Colette Codaccioni : Le projet de loi sera fin juillet, début août, à l'occasion du dernier Conseil des ministres, afin d'être présenté au Parlement dès le début de la session d'automne. Si la mise en pratique intervient avant la fin de l'année, il faudra dégager 1 milliard à 1,5 milliards de francs dans le collectif de fin d'année. Pour 1996, il faudra prévoir entre 12 et 15 milliards pour financer la mesure, la moitié étant prise en compte par l'Etat et l'autre par les départements.

Le Parisien : Ces derniers ne sont-ils pas récalcitrants ?

Colette Codaccioni : On a beaucoup vu les principaux intervenants dont les représentants des douze départements où des expériences sont menées. On s'oriente de fait vers la création d'un fond départemental autonomie.

Le Parisien : Quelles leçons avez-vous tirées de ces expériences sur le terrain ?

Colette Codaccioni : On s'est rendu compte qu'au-delà des handicaps physiques il faudra aussi prendre en compte ceux d'ordre psychologique. Les personnes âgées « désorientées », qui n'ont plus toute leur tête, ont aussi besoin d'aide. La loi poursuit deux objectifs : épauler les personnes âgées dépendantes et leur famille et créer des emplois. Un rôle difficile que tout le monde n'est pas apte à remplir. On prévoit donc la création d'un agrément accordé après contrôle aux personnes désirant assumer cette tâche.

Le Parisien : Les membres de la famille pourront-ils le recevoir ?

Colette Codaccioni : La mesure s'adressera aussi aux proches désirant se charger d'une personne âgée dépendante. Comme, par exemple, une femme de cinquante ans au chômage qui voudrait s'occuper à plein temps de sa mère. D'un montant maximal de 4 000 à 4 500 F, l'allocation dépendance concernera dans un premier temps ceux qui souhaitent vieillir à leur domicile. Un deuxième volet hébergement viendra ensuite, afin d'apporter un complément de ressources aux personnes âgées optant pour la maison de retraite.

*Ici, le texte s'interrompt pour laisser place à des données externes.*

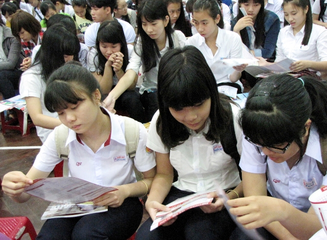 Học sinh tìm hiểu thông tin về các trường ĐH, CĐ tại chương trình tư vấn "Đưa trường học đến thí sinh năm 2015" được tổ chức tại Trường THPT Quốc Học ngày 15/3/2015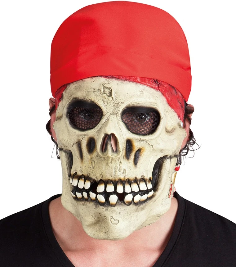 Een gaaf masker van een doodshoofd met een bandana om. Goed te combineren met een piratenkostuum of iets dergelijks.

Le Parisien : Qui bénéficiera précisément de l'allocation dépendance ?

Colette Codaccioni : Elle sera attribuée et modulée en fonction du handicap et des ressources. Pour n'en exclure que les plus aisés, on pourrait retenir comme plafond de ressources celui de la Sécurité sociale, c'est-à-dire 13 000 F par mois. L'expérience sur le terrain nous montre aussi qu'il ne faut pas fixer de limite d'âge minimale. Entre soixante et soixante-dix ans, certaines personnes peuvent être dépendantes. Mais elles ne sont que quelques centaines. La commission d'attribution devra être très souple afin de prendre des décisions rapides.

Le Parisien : L'allocation parentale versée dès le second enfant, mise en place par Simone Veil, a un an. Le bilan est-il positif ?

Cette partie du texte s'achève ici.